The Rediscovery of Western Science and Technology and the Definition of Chinese Foreign Policy, 1972–1982

James Zheng Gao, Christopher Newport University

This paper examines China’s rediscovery of Western science and technology (S&T) and its impact on foreign policy making between 1972 and 1982, an important decade of dramatic change in China’s relation to the outside world.

From an early contact with the West in the eighteenth century, China exposed itself to Western learning. In the nineteenth century, many of the first Qing diplomats were enthusiasts for Western S&T. Nevertheless, in the Beijing-Moscow "honeymoon" of the 1950s, Western scientific scholarship was ignored or suppressed because of myth of Soviet scientific supremacy.

The rediscovery of Western S&T as part of reestablishing relations with the United States after 1972 triggered a broad questioning of past foreign policy.
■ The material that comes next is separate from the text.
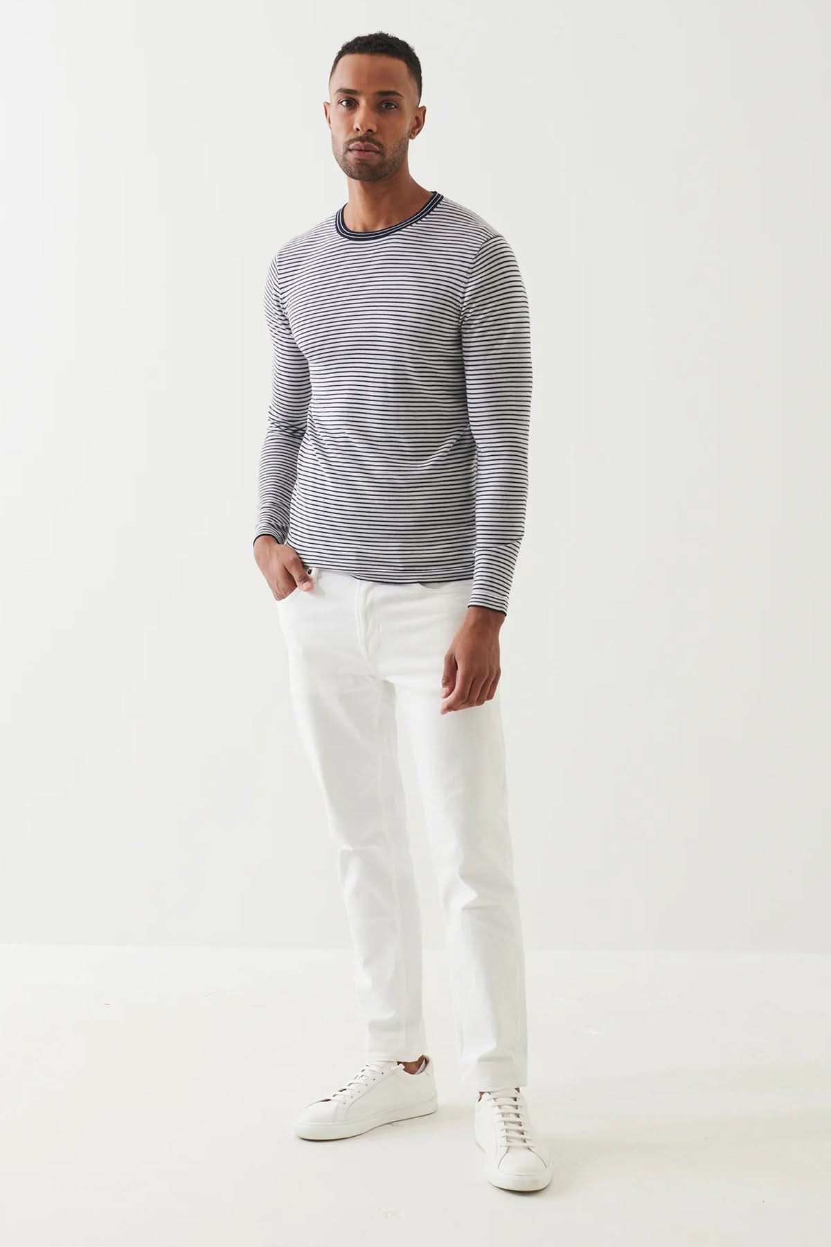 Description : Chandail à rayures intemporel, revisité dans une coupe ajustée et un tricot souple. Confortable et polyvalent, il s’adapte aussi bien à un look décontracté qu’à une superposition élégante. Un essentiel à la fois moderne et classique.
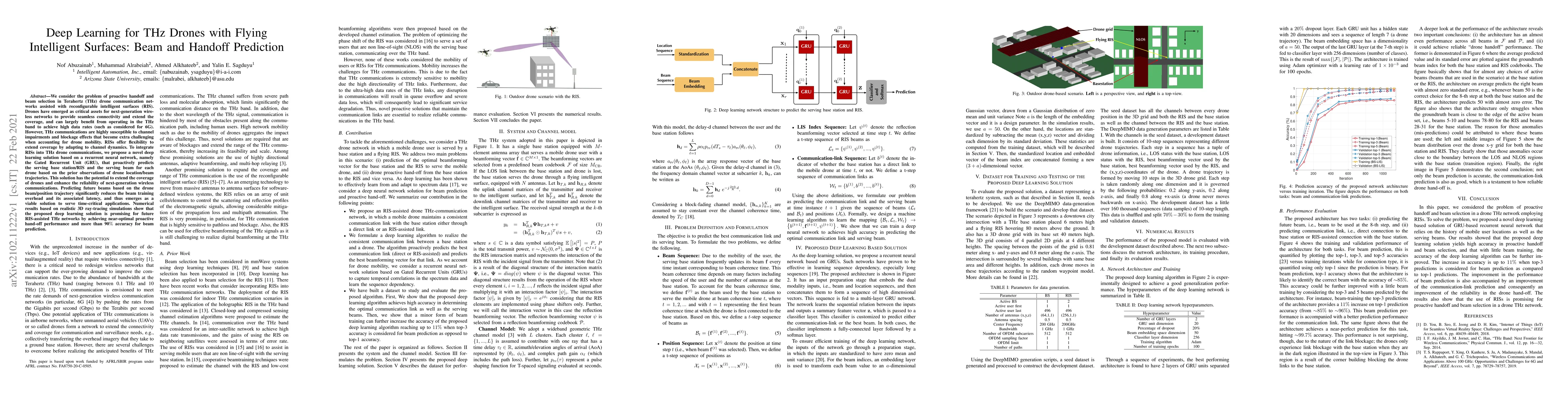 A deep learning solution using a recurrent neural network predicts drone beam trajectories to enhance THz drone communication coverage and reliability, achieving near-optimal proactive handoff performance and over 90% accuracy for beam prediction.

During this process, Chinese leaders expressed their concern about the implications of Western S&T for the country’s security. China’s technocratic approach to modernization defined contacts with the international scientific community as a government responsibility, reflecting its permanent concern for state control of selective technological borrowing from the West in favor of authoritarian politics. However, the liberalizing impact of Western S&T on China provoked conflicts which went beyond scientific spheres to the political arena, creating Chinese scientific dissent. My research reveals that although the government tried to restrict Western influence, China’s S&T policy in the 1980s aggravated its dependency on Western S&T in modernization programs and China had no alternative but continue the "open-door" policy.